[[ Input material, beginning ]]

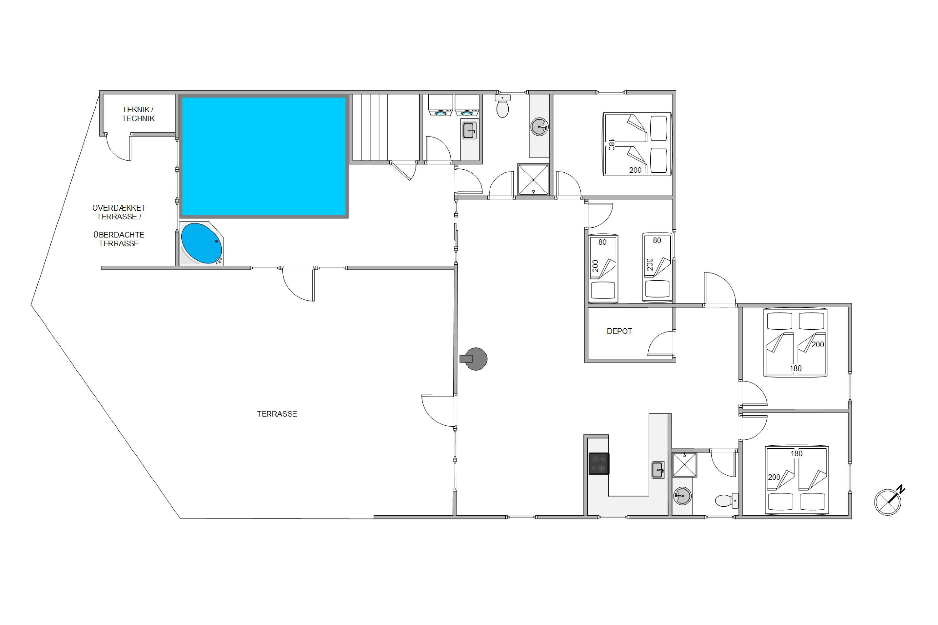 Det 180 kvadratmeter store sommerhus er indrettet med 4 gode soveværelser, hvor I kan samle ny energi efter en dejlig feriedag. Med 2 badeværelser i sommerhuset, der begge har gulvvarme, slipper I for at fryse fødderne og at stå i kø fra morgenstunden.
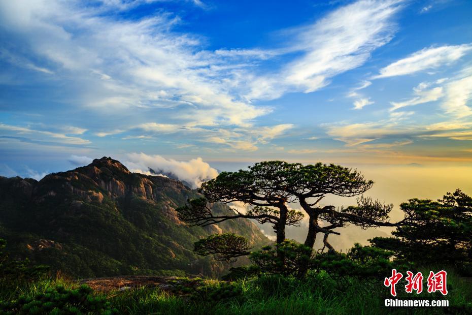 6月29日傍晚,安徽黃山風景區雨后出現云海和晚霞景觀,宛如壯麗畫卷。中新社發 方立華 攝
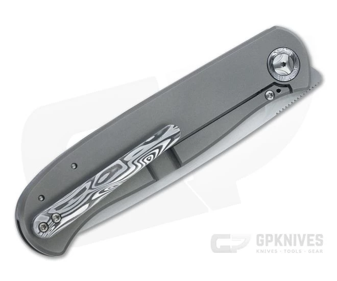Handle: Matte blasted gray, the streamlined titanium handle is chamfered for a comfortable, secure grip that is easy to carry. Damasteel pivot collars, back spacer, pocket clip and handle inlay offer a stunning upgrade for eye-catching style. The robust integral titanium Slab Frame Lock is equipped with a hardened steel lock face insert for smooth operation, rock solid lockup and secure operation for the life of the knife. Ships in a zippered nylon pouch with Certificate of Authenticity.
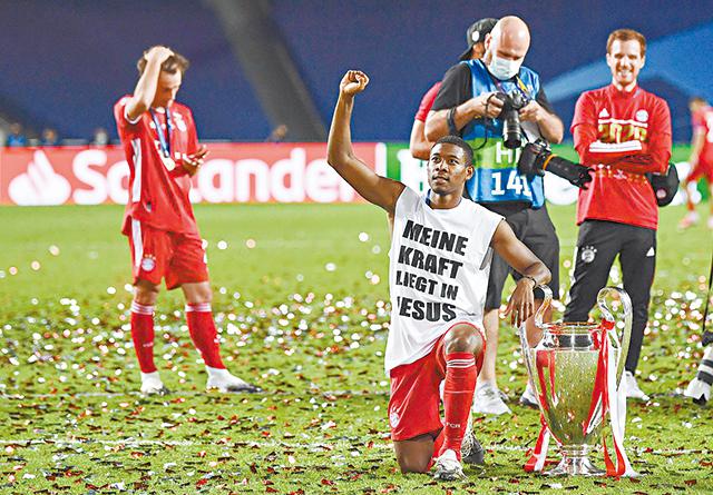 【感恩有祢】■為拜仁鎮守中路嘅阿拉巴(前),着住印有「耶穌給我力量」的tee感謝主。美聯社
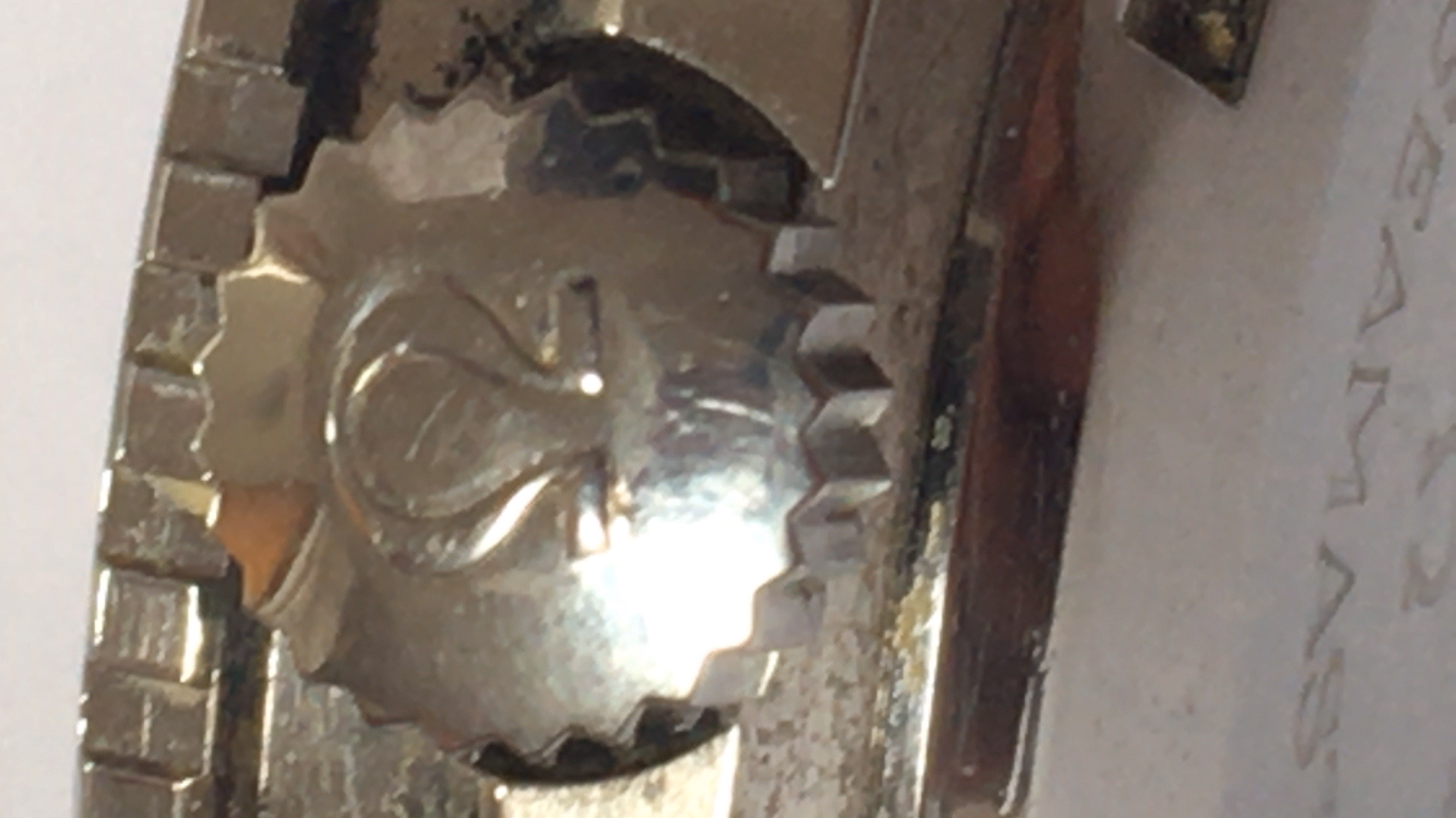 The crystal has the Omega logo in the middle and the crown is the flat-foot version.
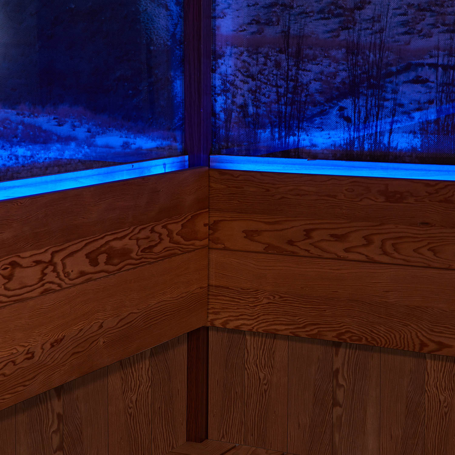 Внутри сауны используется светодиодное освещение. Цвет можно изменить на красный, зеленый, синий и градиент.
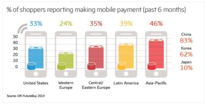 L’enquête de l’Institut GfK conduite dans 17 pays auprès de 17 000 consommateurs, révèle que seulement 5% des paiement mobile sont réellement effectuées avec un appareil mobile.
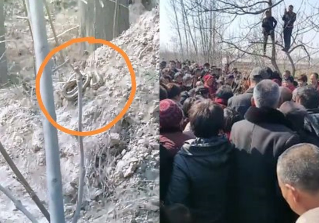 網上多個影片可見,現場人山人海,附近還有小攤販賣零食,如同新的市集;在大蛇出沒的地方還有一個告示牌,寫著「文明觀蛇,靠邊走,腳下留情」的字樣。
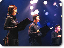 「voice3」の公演が終わって、2週間が経とうとしています。 始まるまでは、う〜ん、うーん。と唸ってばかりで、あぁ…時間がない!と焦っていましたが、終わってしまうと、これまた早いものですねぇ。。。 というのは、出演者の気持ちではありますが(笑)、 見に来ていただいた皆さんの胸には、しっかり(片隅にでも!)引っかかっていると信じております!! 舞台は、出演者とお客様が向き合う場。私たちの「熱い息」を感じてくださった方々は二日間4公演で2000人。 すごい人数!ではありますが、テレビ朝日のアナウンサーの舞台ですもの。 テレビを使わない手はない!ということで、 舞台終了後2週間にして、放送決定です!!ぱちぱち。 |
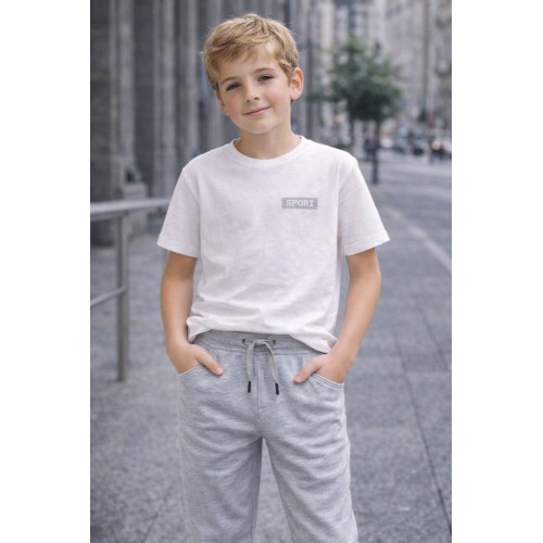 Pantaloni sport gri Sarabanda pentru băieți din jerseu de bumbac cu talie elastică, 0.X706TI23GRI
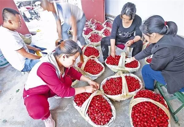 打包好的樱桃,需要通过专线物流直接拉到目的城市,李龙说,三年前,认识了江西新余一个做互联网的小伙子,他整合了江西很多资源,愿意比批发商稍高一点价格承包所有樱桃,每颗树上最好的三斤樱桃给自己的消费者,其他樱桃也转卖给批发商,而他卖给消费者的价格比市场要低很多。
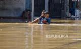 Sejumlah anak melintasi genangan air saat banjir menggenangi Kampung Bojong Asih, Kecamatan Dayeuhkolot, Kabupaten Bandung, Selasa (19/4/2022). Banjir akibat intensitas curah hujan yang tinggi dan meluapnya Sungai Citarum tersebut menyebabkan sedikitnya empat kecamatan di Kabupaten Bandung terendam banjir setinggi 50 sentimeter hingga 170 sentimeter. Foto: Republika/Abdan Syakura (FOTO : REPUBLIKA/ABDAN SYAKURA)
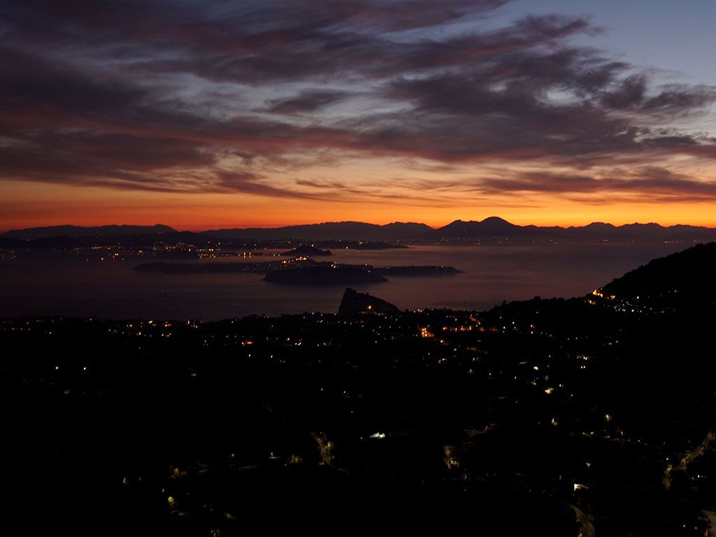 \t\t\t\tCrepuscolo prima dell’Alba da Candiano Ischia, in primo piano il comune di Ischia Porto con il Castello Aragonese, l’isola di Procida, Capo Miseno ed il Maestoso Vesuvio\t\t\t\t
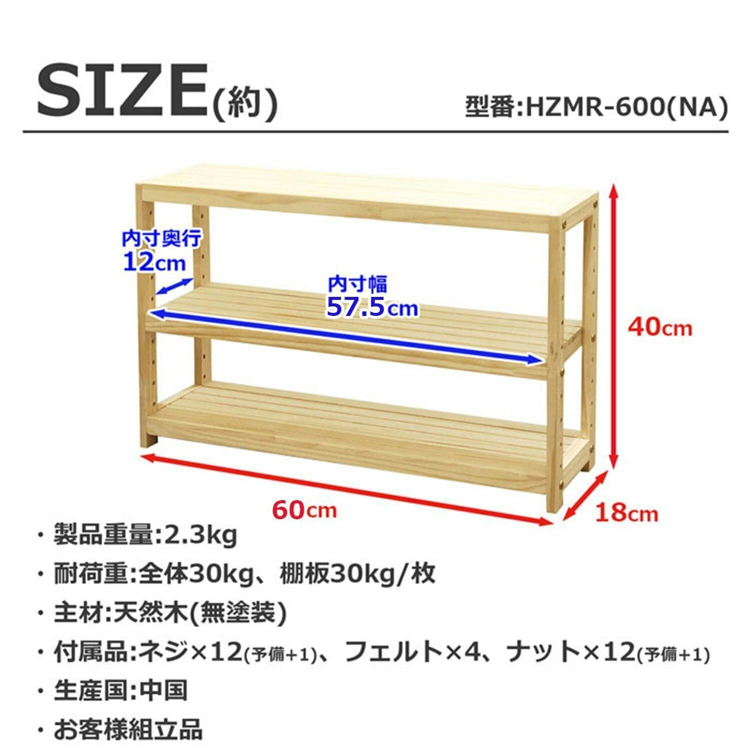 耐荷重(約):全体30kg、棚板10kg/枚 ※モニターの発色具合により、実際の色と異なる場合がございます。
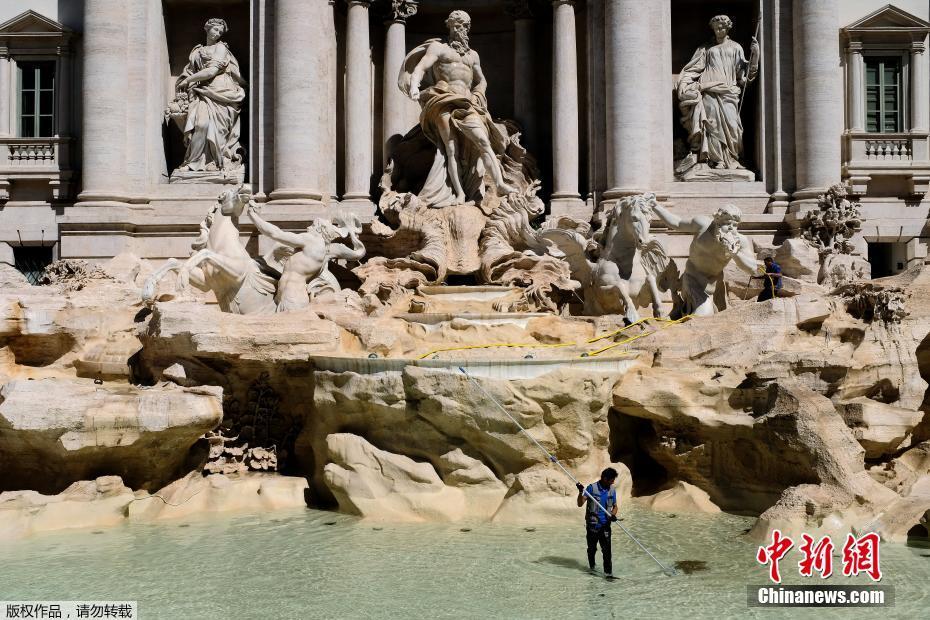 當?shù)貢r間2017年5月2日,意大利羅馬,一名工人在特萊維噴泉里收集硬幣。每年從噴泉里收集到的硬幣大約價值100萬歐元。
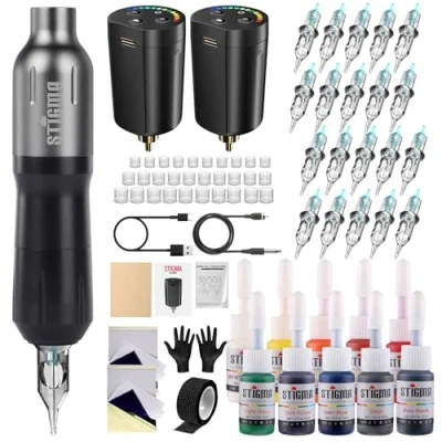 STIGMA Tattoo Kit Wireless Rotary Pen Professional Machine Set with 2Pcs Batteries 20Pcs Cartridges Needles for Beginners and Artists STP7KIT 1

[[ Input material, end ]]

Work instruction: In the records above, find the line containing "6月29日傍晚,安徽黃山風景區雨后出現云海和晚霞景觀,宛如壯麗畫卷。中新社發 方立華 攝" and output every line from the first through that one, exactly, omitting pictures.

Task solution:
 Det 180 kvadratmeter store sommerhus er indrettet med 4 gode soveværelser, hvor I kan samle ny energi efter en dejlig feriedag. Med 2 badeværelser i sommerhuset, der begge har gulvvarme, slipper I for at fryse fødderne og at stå i kø fra morgenstunden.
 6月29日傍晚,安徽黃山風景區雨后出現云海和晚霞景觀,宛如壯麗畫卷。中新社發 方立華 攝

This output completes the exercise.